**Work item:**
A faithful, picture-free copy of the listing below is required.

**Information provided:**
^^^^
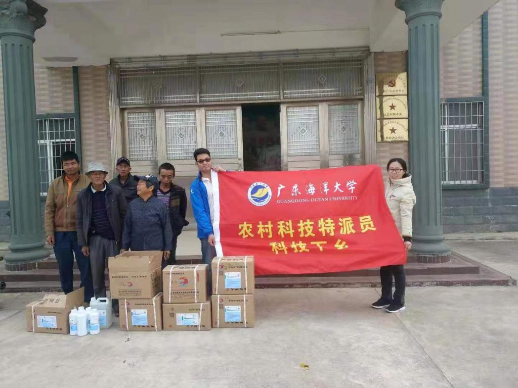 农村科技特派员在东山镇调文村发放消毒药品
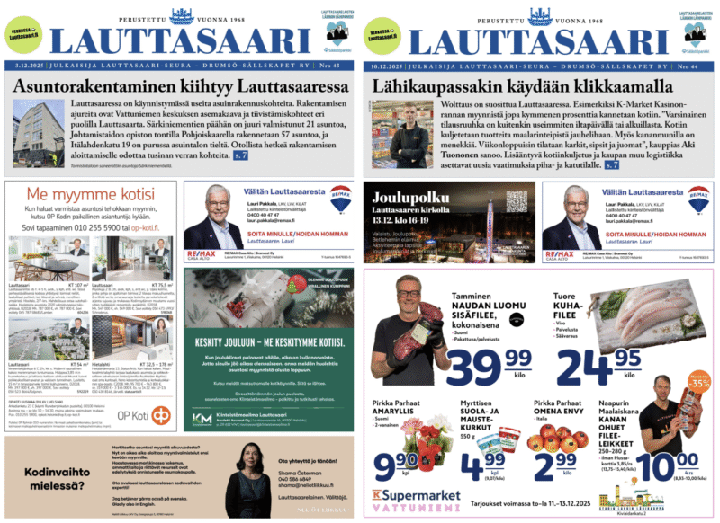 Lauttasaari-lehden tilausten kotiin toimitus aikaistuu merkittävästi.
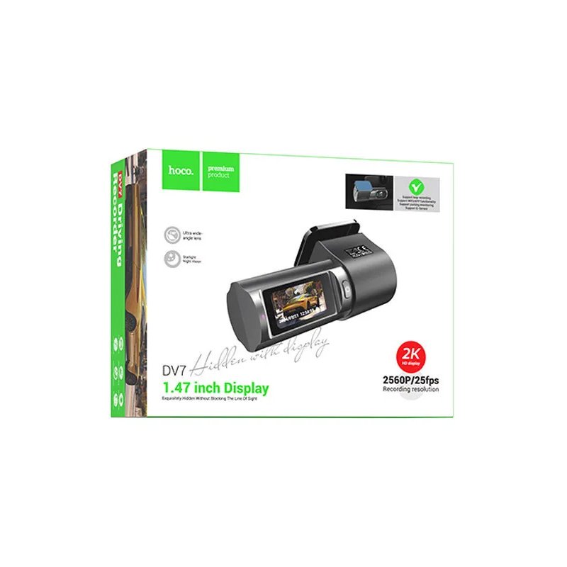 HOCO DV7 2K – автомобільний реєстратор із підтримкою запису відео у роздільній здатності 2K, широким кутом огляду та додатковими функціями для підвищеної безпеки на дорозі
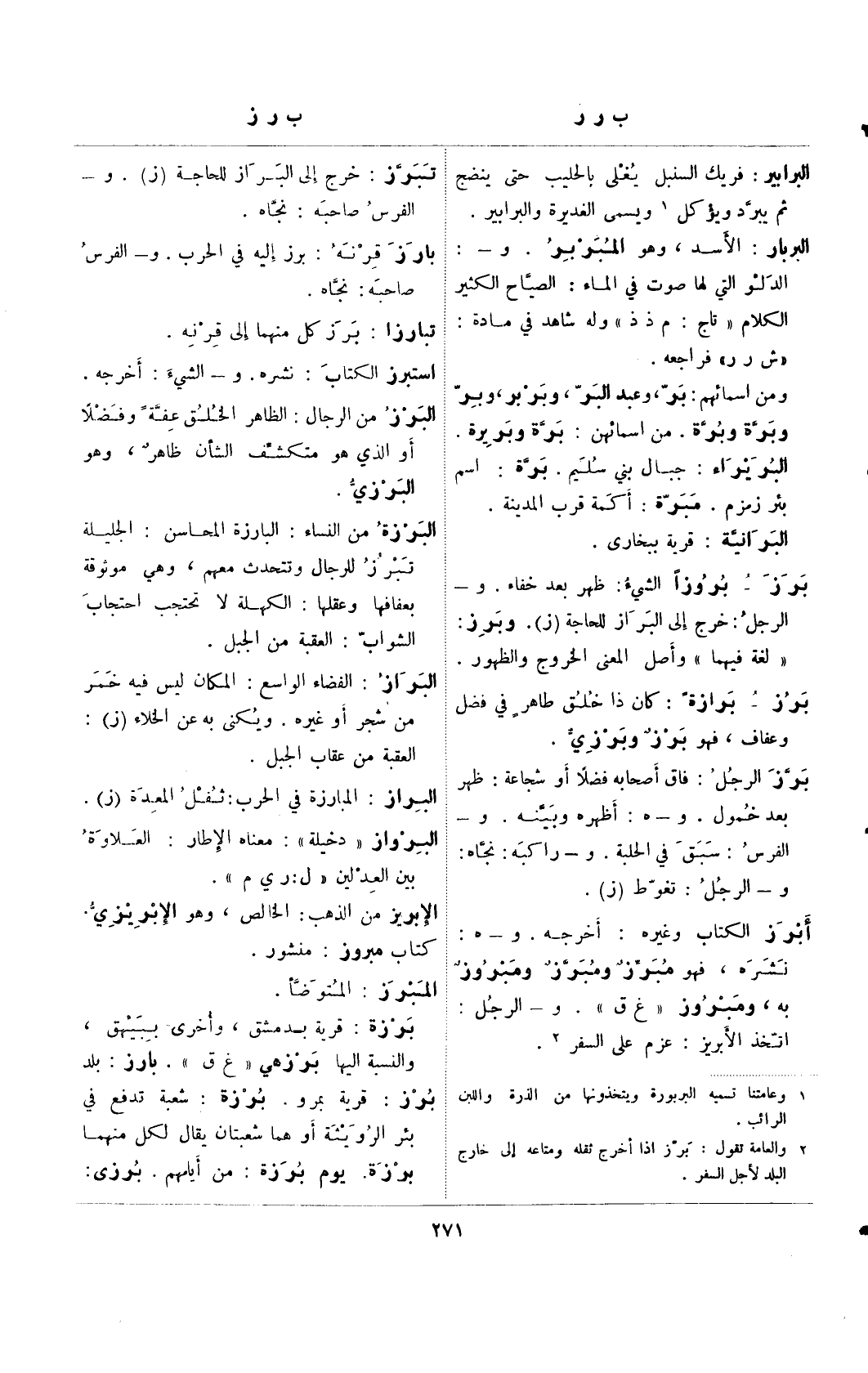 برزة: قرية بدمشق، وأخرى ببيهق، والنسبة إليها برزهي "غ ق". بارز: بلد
^^^^
**Task answer:**
 农村科技特派员在东山镇调文村发放消毒药品
 Lauttasaari-lehden tilausten kotiin toimitus aikaistuu merkittävästi.
 HOCO DV7 2K – автомобільний реєстратор із підтримкою запису відео у роздільній здатності 2K, широким кутом огляду та додатковими функціями для підвищеної безпеки на дорозі
 برزة: قرية بدمشق، وأخرى ببيهق، والنسبة إليها برزهي "غ ق". بارز: بلد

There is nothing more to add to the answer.